[Information shown]
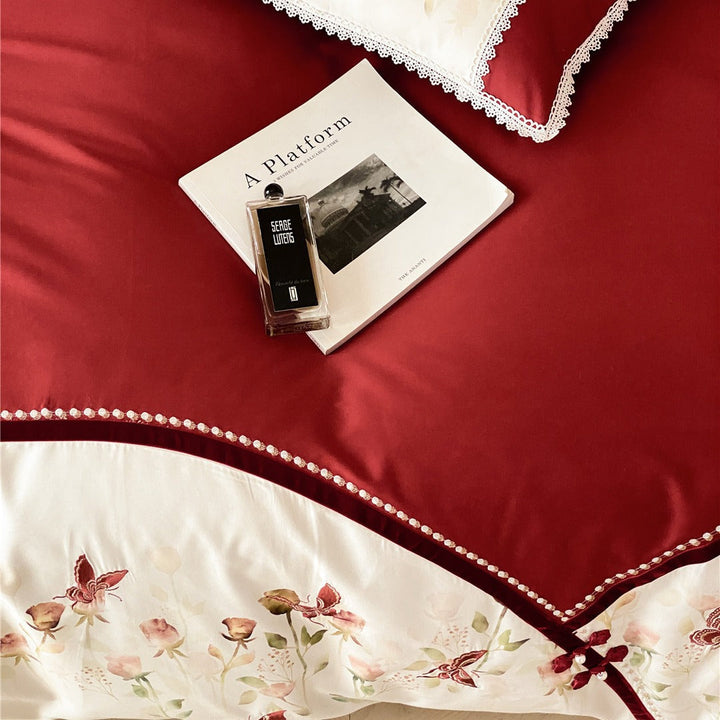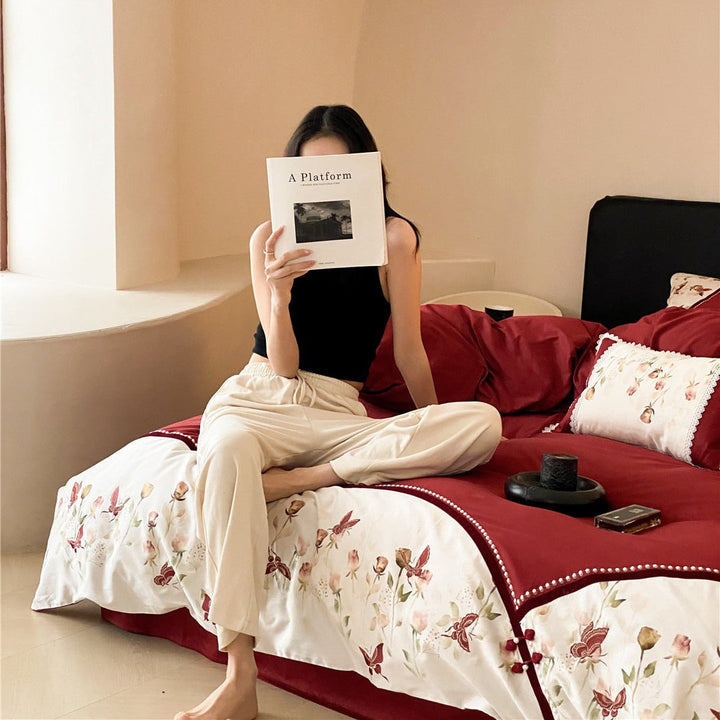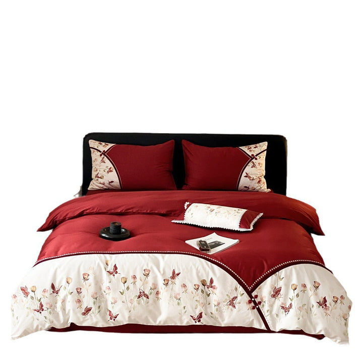 Modern new Chinese style rose embroidery big red bedding housewarming festive wedding daily pure cotton long-staple cotton four-piece set
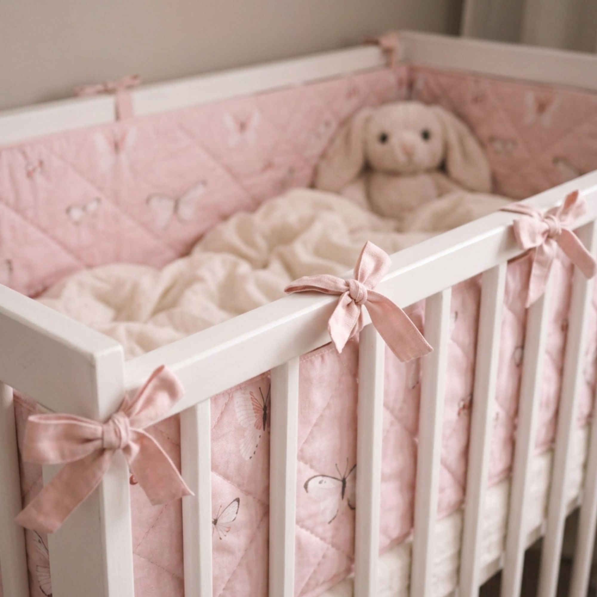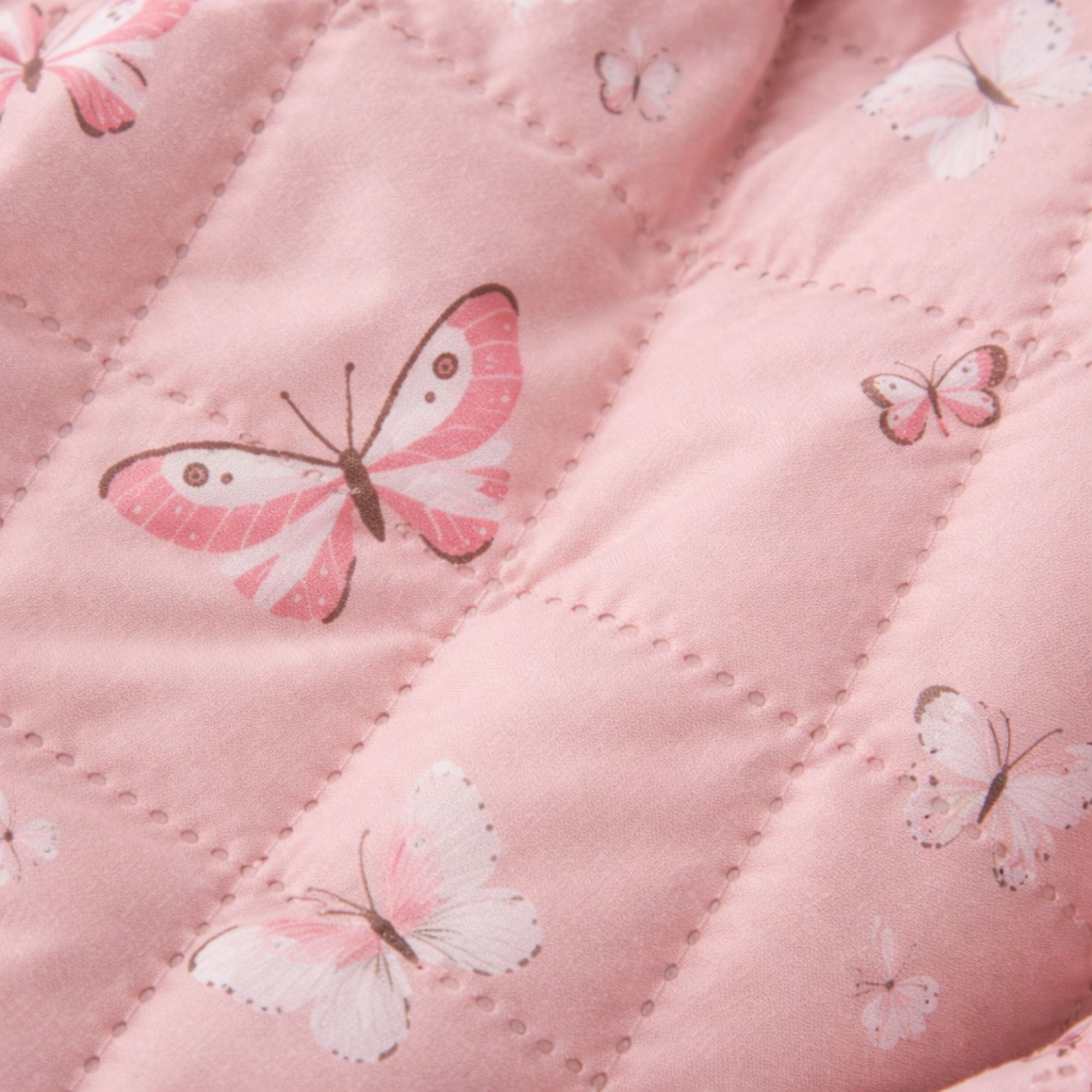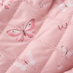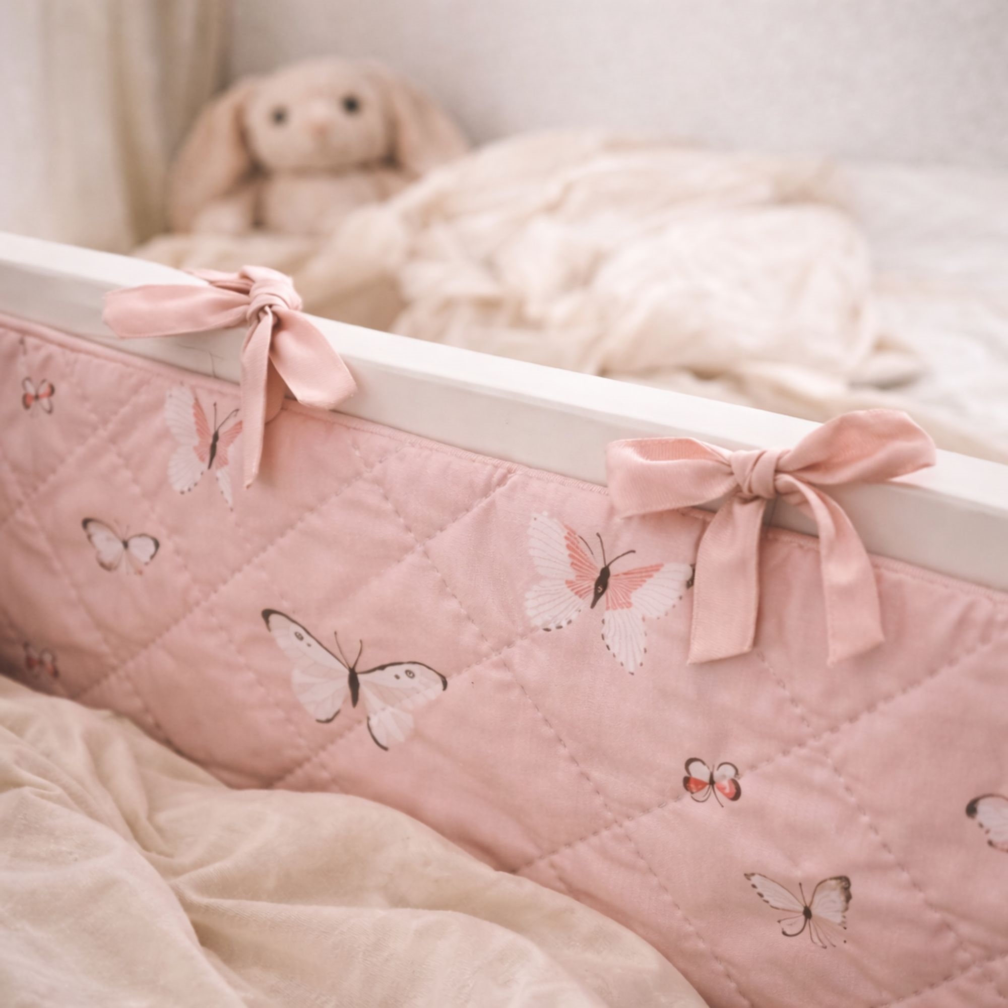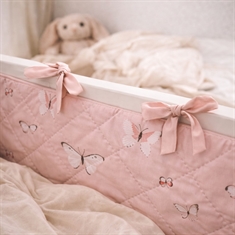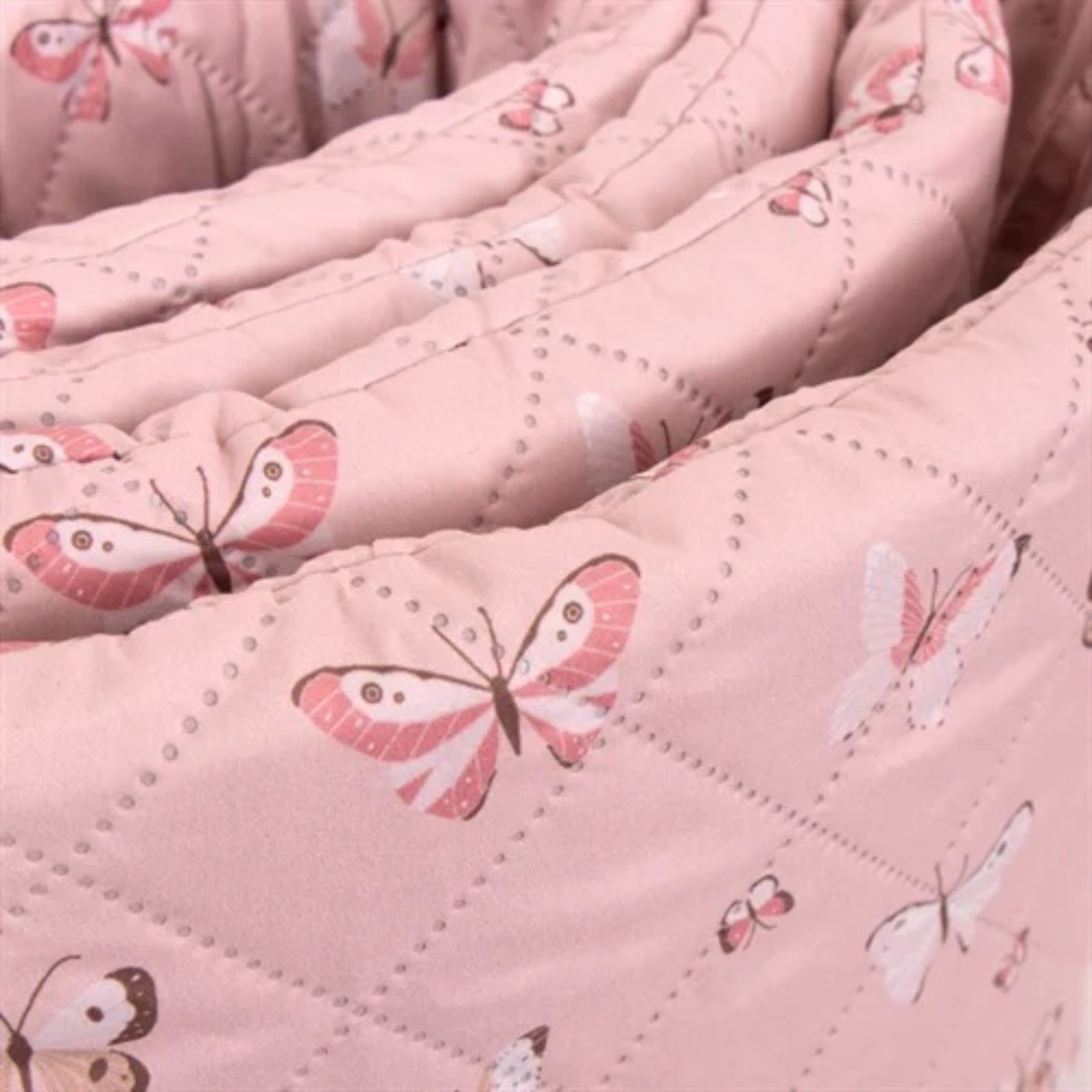 Det bløde betræk og det fine sommerfuglemotiv i lyserøde nuancer skaber et hyggeligt og børnevenligt udtryk i babysengen. Sengeranden fastgøres nemt med de påsyede bindebånd, så den bliver siddende sikkert på plads.
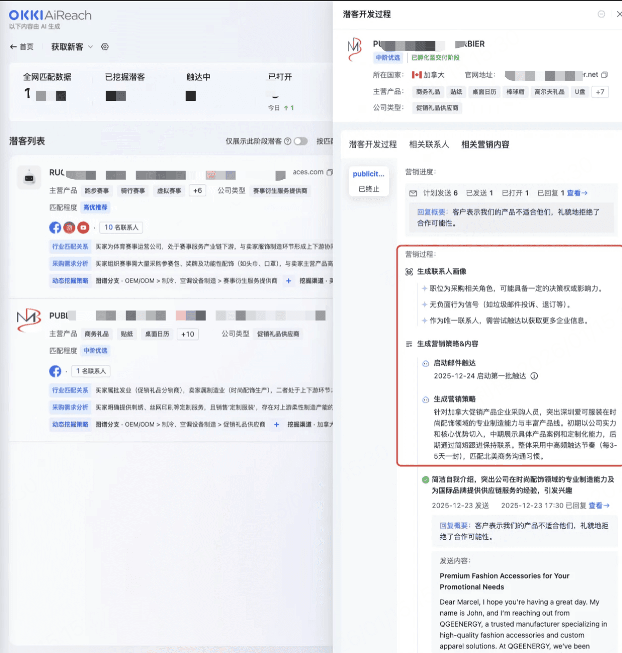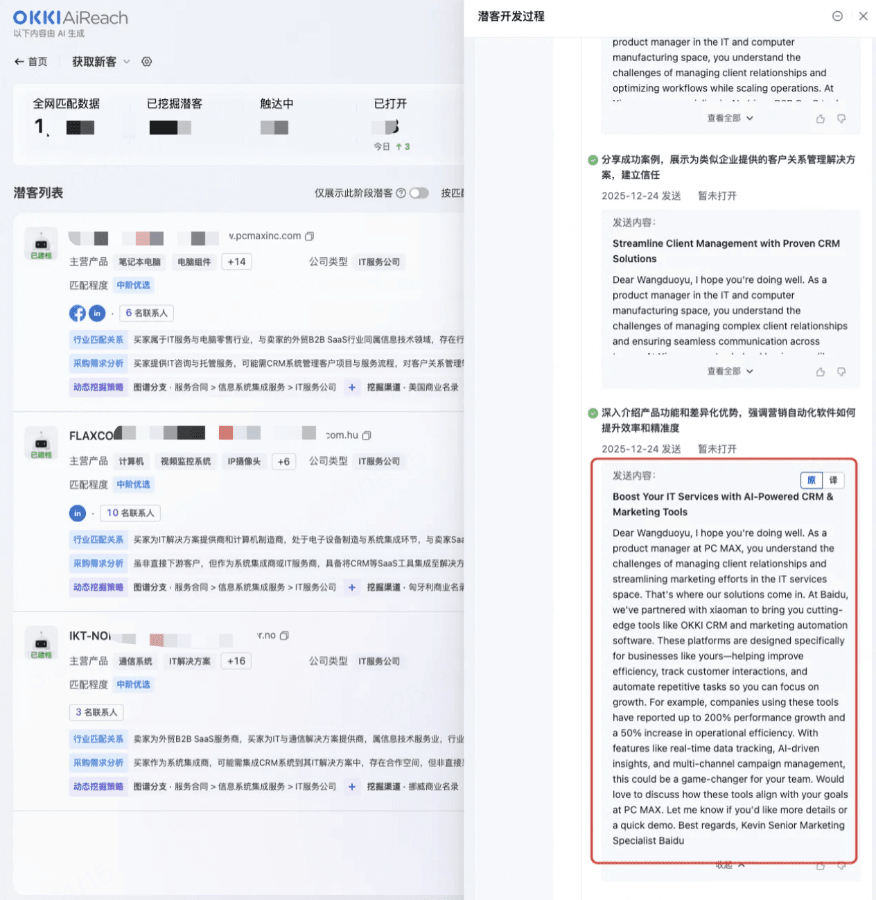 每封邮件都将结合:卖家信息、买家信息、联系人信息写出个性化的开发邮件,并且在计划发送的前一天生成更具针对性的开发信。
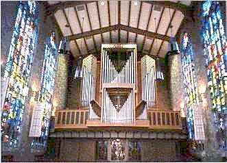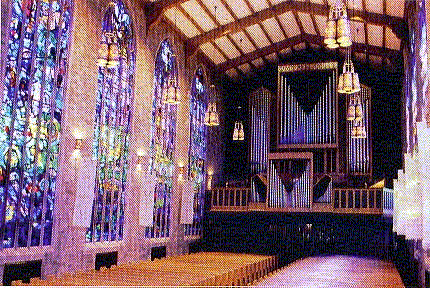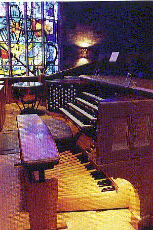 Source: The Diapason, with clarification by Allen Kinzey Photos 1, 3-4 Source: Stephen Schnurr, Pipe Organs of Chicago Photo 5 Source: Neal Campbell Notes: When the Celeste 4 and Schwebung 4 couplers are drawn, they put on the unison and celeste ranks in their respective divisions plus a 4' coupler. However, once one draws another stop in the division, the 4' coupler goes off. The organ is installed in the rear gallery of the chapel, which has a 60-foot ceiling. The Positiv is placed in the Ruckpositiv position on the rail. The Brustwerk is at the first level of the case and has doors which can be opened from the console. The Great is on the second level with the 16' Violone in front. The Récit is on the upper level with visible expression shades forming a part of the architectural design. The Fanfare Trumpet is of upright hooded pipes. Twin towers hold the Pedal pipes. Organ Historical Society Database: https://pipeorgandatabase.org/OrganDetails.php?OrganID=25174 |
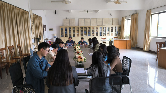 4月26日下午,beat365英国官网网站党总支书记兼副院长岳秀文在普照楼308主持召开党纪学习教育工作部署会,党总支支委、各支部支委参加会议。
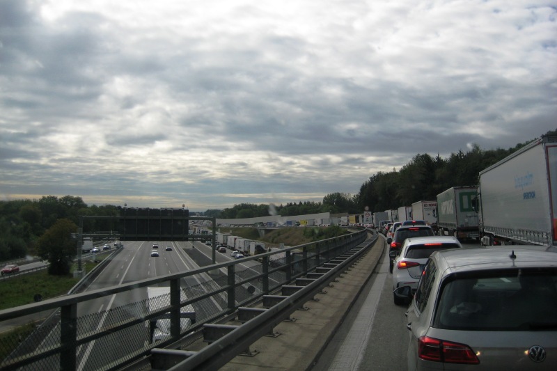 Opnieuw staat het op de rechter rijstrook volledig stil. Kilometers lang rijd ik er langs. Tis toch niet te geloven… Bij Nurnberg kom ik zelf ook heel even stil te staan bij wegwerkzaamheden, maar echt veel vertraging heb ik niet en even later neem ik bij Allersberg de afrit richting Freystadt. In Freystadt heb ik een camperplaats uitgekozen, want het is al laat en morgenvroeg vertrek ik toch weer op tijd. En bij deze camperplaats hebben ze stroom en dat is eigenlijk het enige wat ik nodig heb.
[/Information shown]
• **What you should do**
Would you reproduce the lines above, from the very first through the line containing "每封邮件都将结合:卖家信息、", exactly and without the pictures?

• **Task solution**
 Modern new Chinese style rose embroidery big red bedding housewarming festive wedding daily pure cotton long-staple cotton four-piece set
 Det bløde betræk og det fine sommerfuglemotiv i lyserøde nuancer skaber et hyggeligt og børnevenligt udtryk i babysengen. Sengeranden fastgøres nemt med de påsyede bindebånd, så den bliver siddende sikkert på plads.
 每封邮件都将结合:卖家信息、买家信息、联系人信息写出个性化的开发邮件,并且在计划发送的前一天生成更具针对性的开发信。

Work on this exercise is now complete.